The Supreme Court has issued a circular dated 5 March, intimating that judicial side filings should be made in A4 size paper, of the prescribed quality, with printing on both sides, from April 1 onwards.

A circular in this regard from the Secretary-general of the apex court stated “With a view to bring about uniformity in the issue of paper and printing thereupon and to minimize consumption of paper and consequently to save the environment” the apex court issued the following guidelines. They are:

  1. Superior quality 75 GSM, A4 size paper is to be used with both sides being printed on with the font being Times New Roman, font size 14 and one and a half line spacing with a margin of 4 cm on left and right and 2 cm on the top and bottom, in all the documents to be filed in the Court.
  2. All the communications from the Registry will be sent to the concerned Advocates – on – Record through email, followed by an SMS alert on the registered mobile number of the concerned Advocate – on – Record. The practice of sending a communication through hard copy is to be discontinued.
  3. The filing counter of the Registry following the existing procedure regarding fresh matters are allowed to accept Misc. Applications, Review Petitions, Curative Petitions and Contempt Petitions in disposed of matters in 1 set of original papers and 1 paper book and once the defects are cured the rest of the paper books shall be filed.
  4. A common index has been allowed to be placed in the first volume in case there are more than one volume in a matter a separate index for each volume shall be placed.

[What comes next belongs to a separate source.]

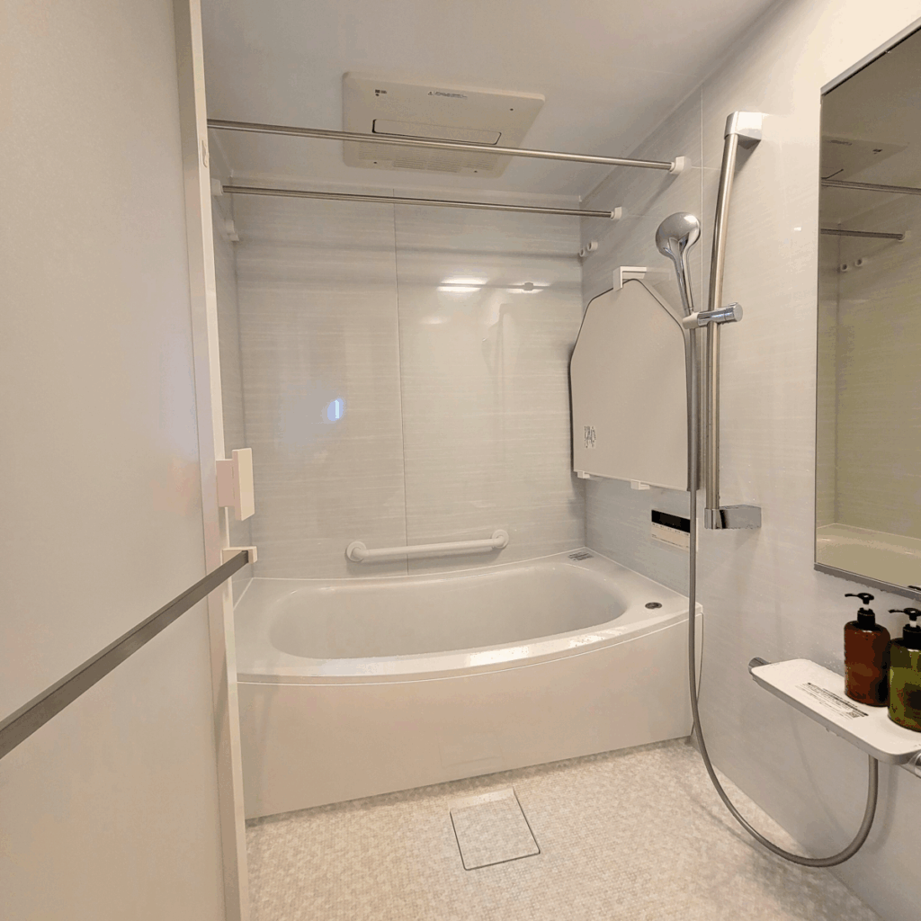 スライドバー付きシャワーや2本の物干しバーを新設し、日常の使いやすさを向上。

The circular further urged that sincere and earnest effort must be made for the economical consumption of paper, by using both sides of the papers, while also ensuring that the content is legible on both sides. Earlier, on 14 January, the Court had issued a circular informing that such measures will be implemented on the administrative side filings.

In the last 12 months, as many as 61,520 cases were filed in the Supreme Court (SC) between October 2016 and September 2017, submitting that using paper printed on both sides in filings would have saved nearly 2,953 trees and 246 million liter water (24,600 tankers–considering one standard tanker-truck holds 10,000 liters), stated an analysis by the Centre for Accountability Systemic Change.